[Input data]
========

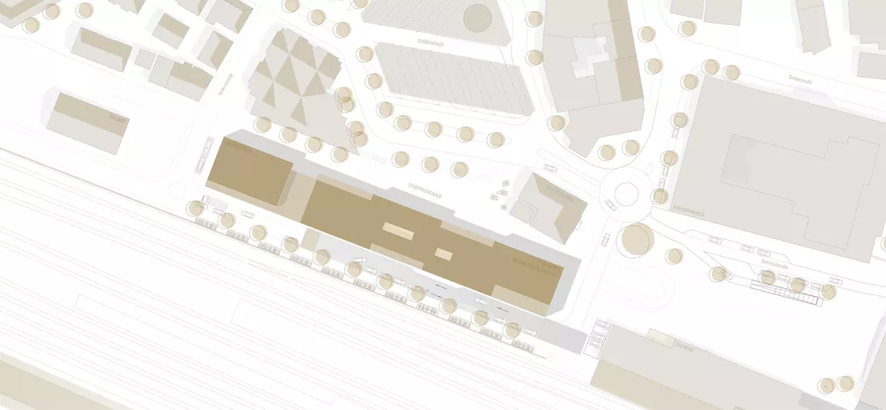 Der Neubau des Städtischen Verwaltungszentrums liegt in zentraler Lage der Innenstadt und ist als direkter Nachbar des Göppinger Bahnhofs ein wichtiger Bestandteil der „Neuordnung Bahnhofsumfeld“ aus dem Masterplan zum Stadtentwicklungsprozess Göppingen 2030. Städtebaulich markiert der langgestreckte, viergeschossige Neubau einen wesentlichen Impuls zur Verbesserung des Bahnhofsumfeldes. Parallel zur langgestreckten Nordfassade soll der Beginn einer Fußgängerpromenade entstehen, die in einen revitalisierten Stadtbereich führt.
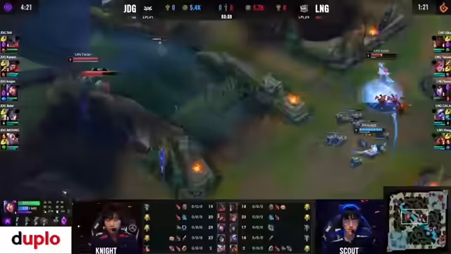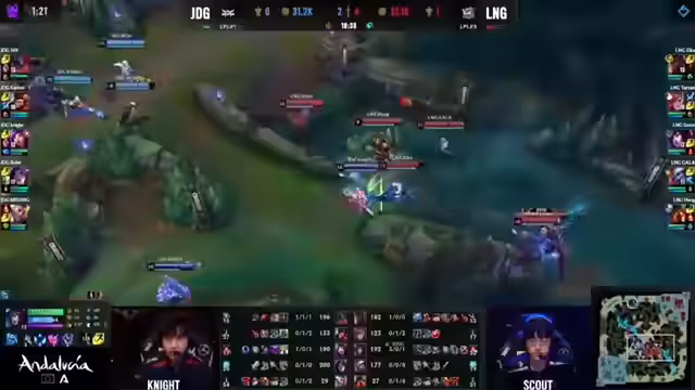 02:42:51JDG startet einen koordinierten Flash-Engage, um das Spiel zu drehen. Knight und Missing zielen dabei auf den LNG-Carry Gala ab. Obwohl JDG den Teamfight zu gewinnen scheint, schafft LNG es, den Schaden zu minimieren und sogar einen Kill für sich zu beanspruchen. Das Spiel bleibt nach dieser Aktion auf Augenhöhe, was dieMapView zeigt.
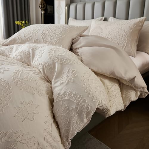 Herside Super King Size Tufted Bedding Set Vintage Farmhouse Duvet Cover Set 3pcs Boho Circular Tufted Printed Embroidery Microfibre Quilt Cover Set Cottage Home Decor for Girls Teens Adult

========

[Task item] Omit the pictures and give the material again, exactly and in full.

[Exercise solution]
 Der Neubau des Städtischen Verwaltungszentrums liegt in zentraler Lage der Innenstadt und ist als direkter Nachbar des Göppinger Bahnhofs ein wichtiger Bestandteil der „Neuordnung Bahnhofsumfeld“ aus dem Masterplan zum Stadtentwicklungsprozess Göppingen 2030. Städtebaulich markiert der langgestreckte, viergeschossige Neubau einen wesentlichen Impuls zur Verbesserung des Bahnhofsumfeldes. Parallel zur langgestreckten Nordfassade soll der Beginn einer Fußgängerpromenade entstehen, die in einen revitalisierten Stadtbereich führt.
 02:42:51JDG startet einen koordinierten Flash-Engage, um das Spiel zu drehen. Knight und Missing zielen dabei auf den LNG-Carry Gala ab. Obwohl JDG den Teamfight zu gewinnen scheint, schafft LNG es, den Schaden zu minimieren und sogar einen Kill für sich zu beanspruchen. Das Spiel bleibt nach dieser Aktion auf Augenhöhe, was dieMapView zeigt.
 Herside Super King Size Tufted Bedding Set Vintage Farmhouse Duvet Cover Set 3pcs Boho Circular Tufted Printed Embroidery Microfibre Quilt Cover Set Cottage Home Decor for Girls Teens Adult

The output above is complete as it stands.